This post assumes you have seen the basic concepts of statistics mentioned in my previous post Statistics – Basic terminologies.
Population, Sampling and Samples
Lets discuss about sampling in detail in this post. Because sampling is crucial in your data analysis. Higher the quality of the samples, Higher would be your results.
The collection of all units of a specified type in a given region at particular point of time is called population or universe.
- Population of persons in a region
- Population of trees or birds in a forest
Elementary units or group of such units which besides being clearly defined, identifiable and observable are convenient for the purpose of sampling is called a sampling unit.
- A Family in a budget
- A farm or group of farms by a single household in a crop survey.
A map showing the boundaries of the sampling units is a sampling frame.
A list of all sampling units belongs to a population to be studied with their identification particulars is a sampling frame.
- List of farms in villages of India
Random Sampling or Probability Sampling
One of more sampling units from a population according to some specified procedures is said to constitute a sample. If its selection is governed by ascertainable laws of chance, it is called random/probability samples.

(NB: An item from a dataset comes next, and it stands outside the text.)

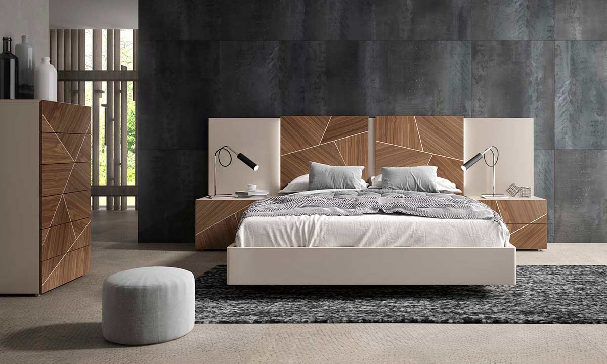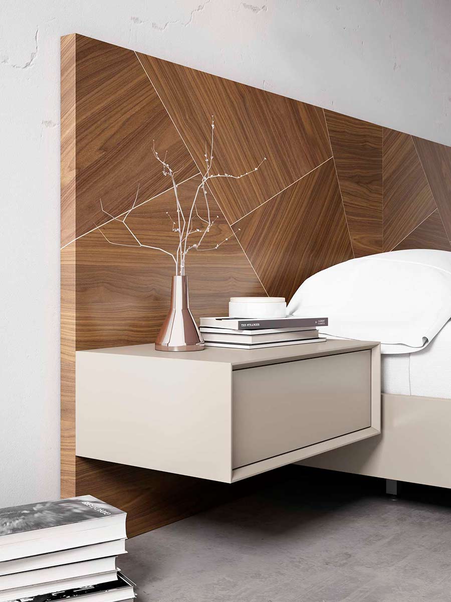 Junto con el cabezal se han combinado dos mesitas una colgante al cabezal y otra asimétricamente a suelo. Si nos fijamos en los detalles fotográficos encontraremos que el remate de la mesita va a inglete y el acabado va lacado en color Moka, símbolo de calidad y artesanía de alto nivel que mencionábamos anteriormente.

Assume a population consists of the n sampling units U1, U2, U3, ….. Un. We select a sample of n units by selecting them unit by unit with equal probability for every unit at each draw with or without replacing the sampling units selected in the previous draws.

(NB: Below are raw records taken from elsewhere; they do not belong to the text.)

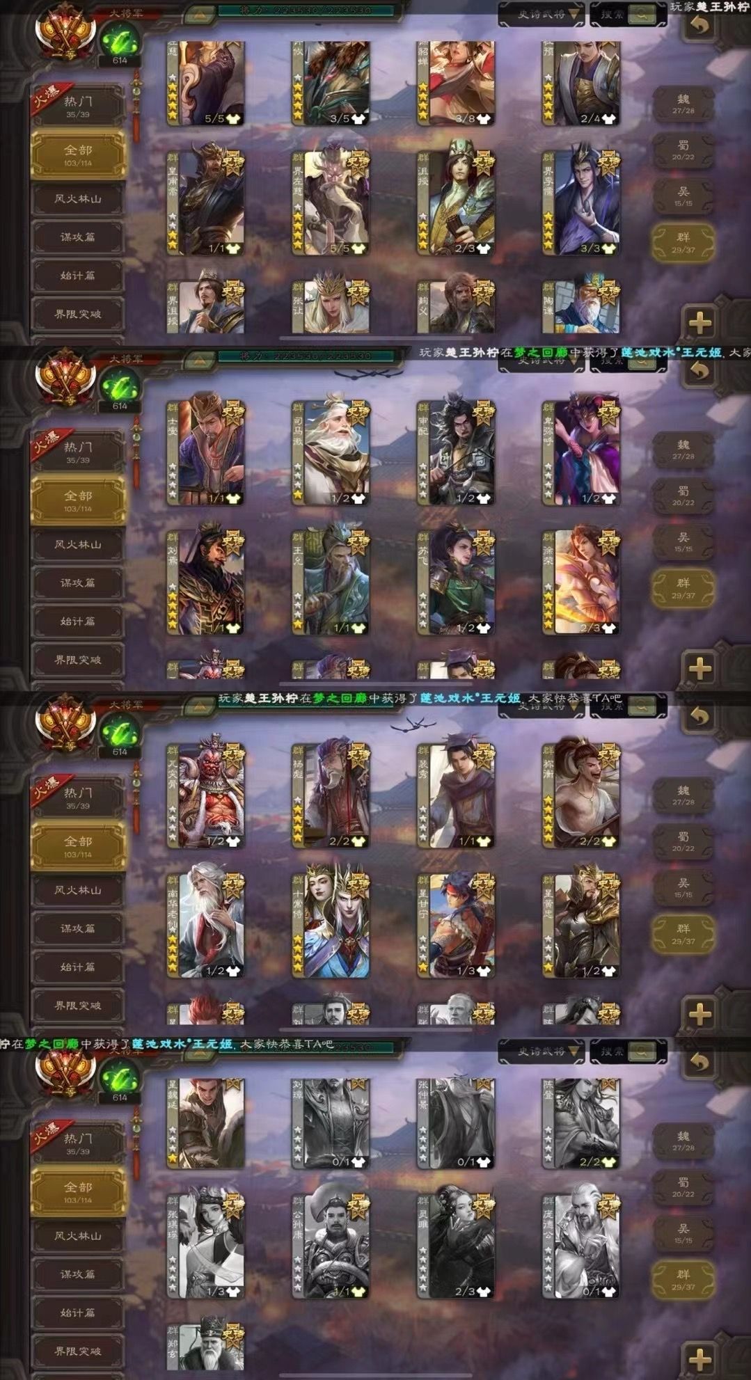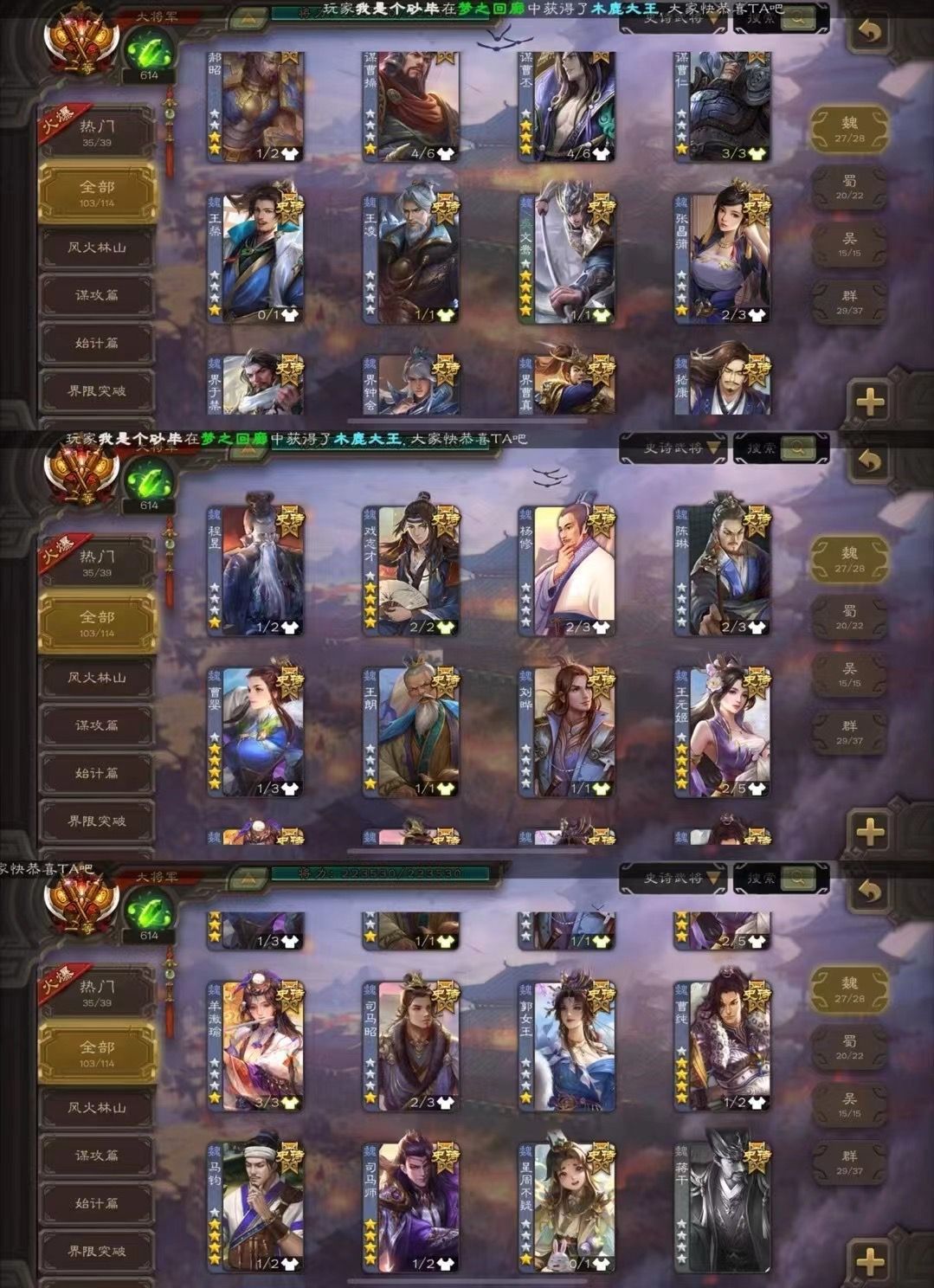 动态神司马懿【伪全扩一等大将军22万将力全神103史诗V19】倚星折月神郭嘉刘焉全巨头动谋曹丕神鲁肃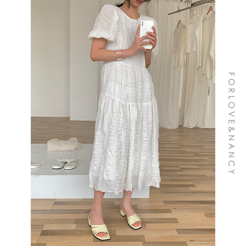 FN2021春夏复古原创设计法式小众圆领泡泡袖拼接连衣裙女81103热门设计联盟服务商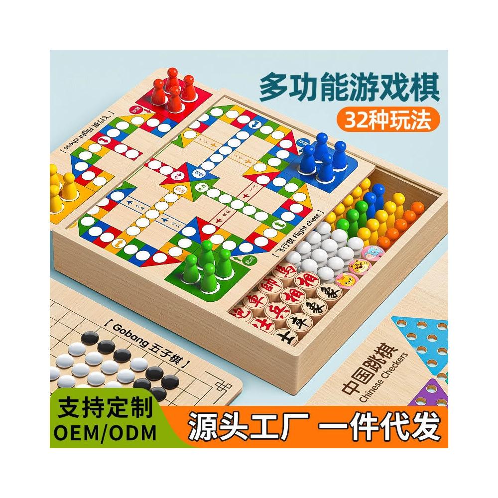 飛行棋跳棋五子棋鬥獸棋小學生初中益智兒童棋盤互動木製禮物玩具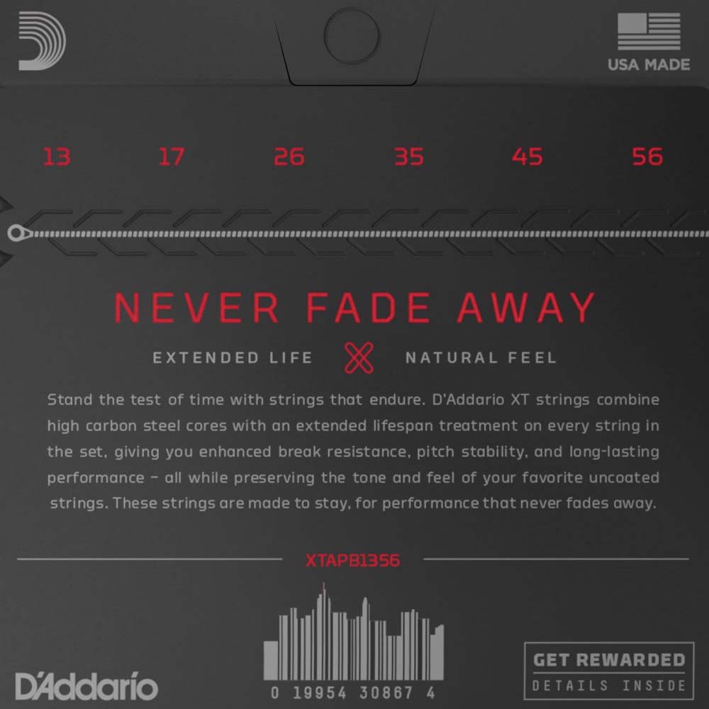 Струны без обмотки в комплектах серии XT выполнены по технологии «Fusion Twist», устойчивые к расстройке и разрыву. Набор D'Addario XTABR1356 13-56 имеет натяжение Medium, на нем легко играть начинающим и любителям, а также проще делать некоторые элементы, например, бэнды.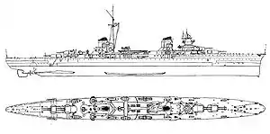 | Зенітне озброєння | 8 (4 × 2) × 100-мм зенітних гармат 100 mm/47 OTO 8 (4 × 2) × 37-мм зенітних гармат Breda 37/54 8 (4 × 2) × 13,2-мм зенітних кулеметів Breda 1931[1] | |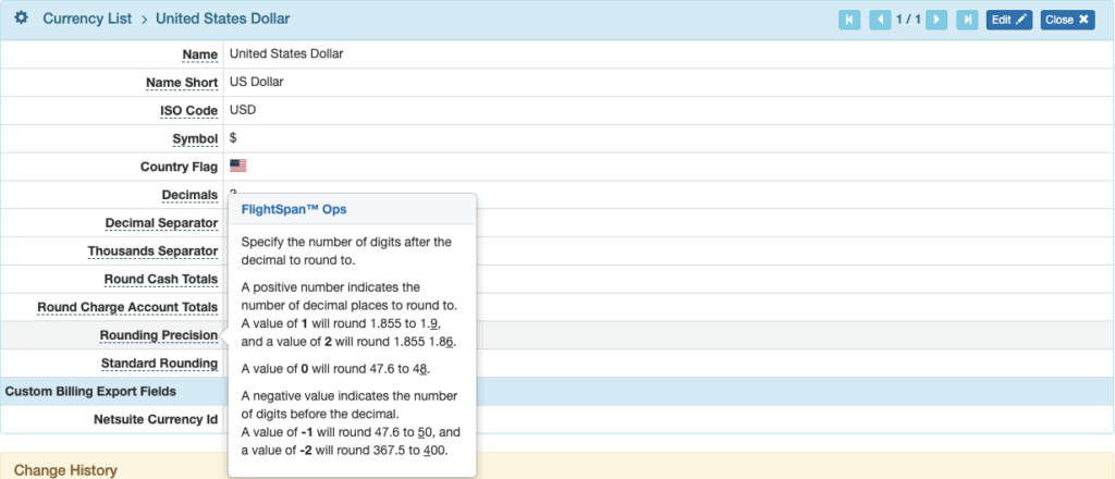 Edit the Currency Settings, including decimals displayed and rounding rules.

- Select one person from each economic tier
- Select one tax payer from each tax slab
A sample selected by a non-random process is called as non-random sampling. A non-random sample which is drawn using certain judgement of getting right samples is called judgement or purposive sample. This type of surveys is generally performed in large scale surveys, as it is not possible to get strictly valid estimates of popular parameters under consideration .
For a unique identification of population one should know the following.
- Elementary units
- Population characteristics, which vary numerically from unit to unit.
|Students of a particular class of a school
||Marks obtained in final exam
|LED TVs produced by a company
||Length of life in years
Types of Population
- Finite (Countable numbers): E.g., Odd numbers (1, 3, 5 …)
- Infinite (infinite and uncountable elementary units): Eg., pressure, humidity
- Real (existing objects with factual observations): Eg., Indian Census
- Hypothetical (hypothetically illustrated by the investigator): Eg., (coin tossing, dice thrown)
Steps and examples are given below
Types of Sampling
We already talked about Probability and non-probability methods. Let’s talk about other sampling methods now.
Simple Random Sampling
SRS is always using Equal Probability of Selection (EPS) (not all EPS selections are SRS). It is applicable when population is –
- readily available
This is done by assigning number to each unit in a sampling frame. A table of random number or lottery is used to determine the unit selection.
- If sampling frame is large, population is large, this is impractical
- Minority subgroups may not be adequately selected
This would sort the population in any order and choose the samples in regular intervals.
i1, i2, i3, i4, i5, i6, i7, i8, i9
in the above population, I have taken the samples in red colour in regular intervals. Pls note I have not selected the first or last items of my population.
- Every 10th name in telephone directory
- Every 5th sapling in a sugarcane farm
- Selecting the sampling frame is easy
- Sample evenly spread over entire population
- Hidden priorities may affect the precision
- Difficult to access the precision of estimate from single survey.
The sampling may be biased. How? Assume, I’m sampling from a group of people of different villages. I may select only men, or women or more of one gender. My samples may affect my precision. Hence when the population includes number of distinct categories, the frame can be organized into separate ‘strata’. Each stratum would be sampled as an independent sub-population, in which individual elements are randomly selected. Men is a stratum, women is another stratum. This process is called Stratified Random Sampling.
Here we do the sampling in a different way. We would be sampling twice.
We would choose areas of sampling
The population is divided into clusters (usually based on geographical locations)
Sample units are groups rather than individuals (Eg., Senior citizens of Palani Murugan Street, Flower vendors of Dhendapani shopping complex etc)
A sample of such cluster is selected (Eg., senior citizens of Palani Murugan Street)
All units from the select clusters are studied (All senior citizens of Palani Murugan Street).
Non-random sampling shall be used for ‘not-mission critical’ surveys, as we are not seriously concerned about the accuracy of the results.
This is collecting the samples from a population that is convenient to get (located near by, data readily available etc). We may not take a decision based on this sampling, as this doesn’t represent entire population. This is generally used in pilot phases.
For example, Taking agriculture yield values from internet, survey about the Government from the neighbourhood.
We may do a sampling based on our own experience and preference. Samples are non-randomly chosen by the researcher based on his own judgement.
For example, a teacher may choose his own sampling to pick some students 👩🎓👨🎓 for extra coaching class, whom he thinks as poor in studies.
Quota, ration etc are not new to India 🇮🇳. Similar to stratified sampling, the population is divided into strata. then judgemental sampling is used.
Getting the efficient and cost-effective samples from the links of our known resources. For example, Google, when it released its email service, chose the users (samples) based on referrals.